The COVID-19 outbreak that emerged in China has infected millions of people and killed thousands worldwide. Public health authorities are racing for the pathogen to be suppressed, but this is not the first time the planet has had to combat a modern coronavirus outbreak. Here's how the present scenario relates to previous epidemics.
The latest coronavirus was first documented in Wuhan, China, triggering a disease named COVID-19. It has now expanded to over 190 nations, including Japan, Italy, Iran, South Korea, and the United States.
The virus origins have not been verified, although early genetic research indicates that the pathogen emerged in bats and was then transmitted to an intermediary species before spilling into humans.
SARS
In the Guangdong province of southern China, experts first reported in severe acute respiratory syndrome (SARS) in November 2002. The coronavirus-induced viral respiratory disease spread to 26 countries in North America, South America, Europe, and Asia until it was identified in July 2003.
The infection is known to have transmitted from bats to civet cats, tiny weasel-like creatures, until the first human patient was bitten.
There were 8,098 confirmed cases of SARS during the epidemic and 774 fatalities. Infections were mainly spread person-to-person. According to the Centers for Disease Control and Prevention, no confirmed SARS cases have been identified since 2004.
MERS
MERS, or respiratory syndrome in the Middle East, was first recorded in 2012 in Saudi Arabia. A coronavirus, a remote viral relative of SARS, is blamed for respiratory disease. It has expanded to 27 European, African, Asian, and North American countries.
MERS is a zoonotic virus, like many coronaviruses, indicating that it is spread between animals and humans. MERS have definitely migrated from bats into dromedary camels before leaping into people, according to scientists.

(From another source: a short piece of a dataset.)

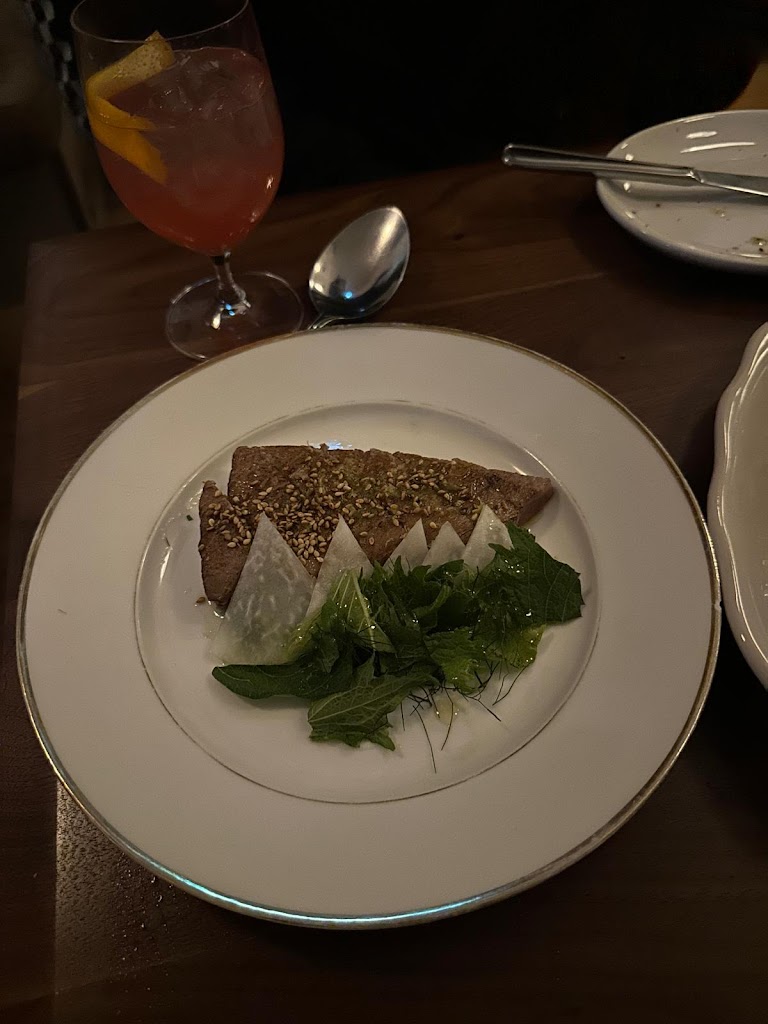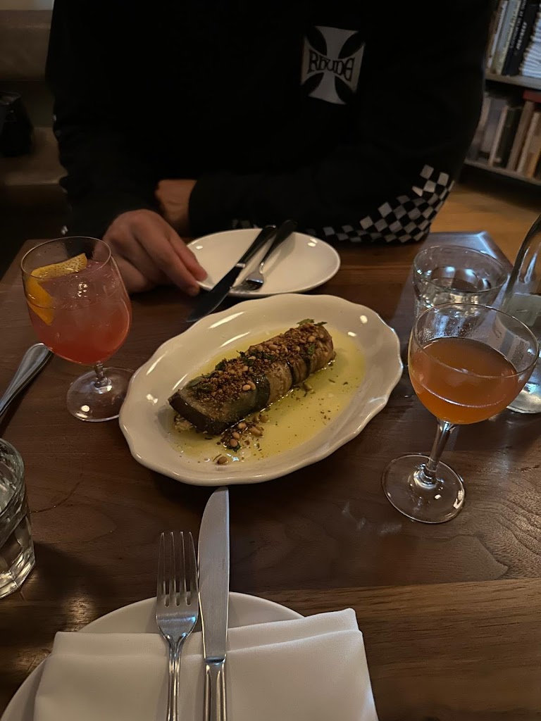 This restaurant is beyond special. For cocktails we got the Peach Pink Spritz ($18) and Tiqueled Pink ($18) both were incredible but we both ended up ordering a second Tiqueled Pink because it ended up being one of our favourite cocktails in the city, insane. To start we got the Involtini daubergine & truite ($23) and the Canadian bluefin tuna belly, zest & zhoug ($32) such fair prices for some of the best dishes I ve ever had. For the mains we got the Smoked beef ham & fennel ($26) and the BBQ Pork Neck with pickled chanterelles ($46) TO DIE FOR!!!!!!! The desserts were equally as impressive, we got the financier and the chocolate mousse and I would highly recommend ordering both. This place is a 10/10 and one of my top 5 restaurants in the city, for sure!!

There have been 2,494 confirmed MERS cases since 2012, and 858 deaths from the virus. According to the World Health Organization, diseases are mainly induced by direct human-to-human communication.
What makes COVID-19 more dangerous than these two?
Latest experiments have shown that the SARS-CoV-2 spike protein is highly adapted for human ACE2 binding. Simulations of viral binding of various species to homologous ACE2 proteins demonstrated the preference for bats and human ACE2.
The initial preprint of the researchers' manuscript, made accessible online in March, was one of the first to computationally examine the high affinity or propensity of SARS-CoV-2 to bind with human ACE2.
"Beyond explaining the molecular mechanism of binding with ACE2, we also explored changes in the virus spike that could change its affinity with human ACE2," said researchers said.
The SARS-CoV-2 protein spike attachment to ACE2, situated in the upper respiratory tract and acts as an entry point for other coronaviruses, like SARS, was computer-modeled by the researchers. The team used a molecular simulation technique to compute the binding power and interactions of the viral protein's connection to ACE2.
Future studies on vaccine longevity and the propensity for the virus to propagate to other animals may be guided by recognizing the virus spike's binding actions with ACE2 and the virus resistance of these structural spike shifts.
"The computational workflow that we have established should be able to handle other receptor binding-mediated entry mechanisms for other viruses that may arise in the future," the researchers added.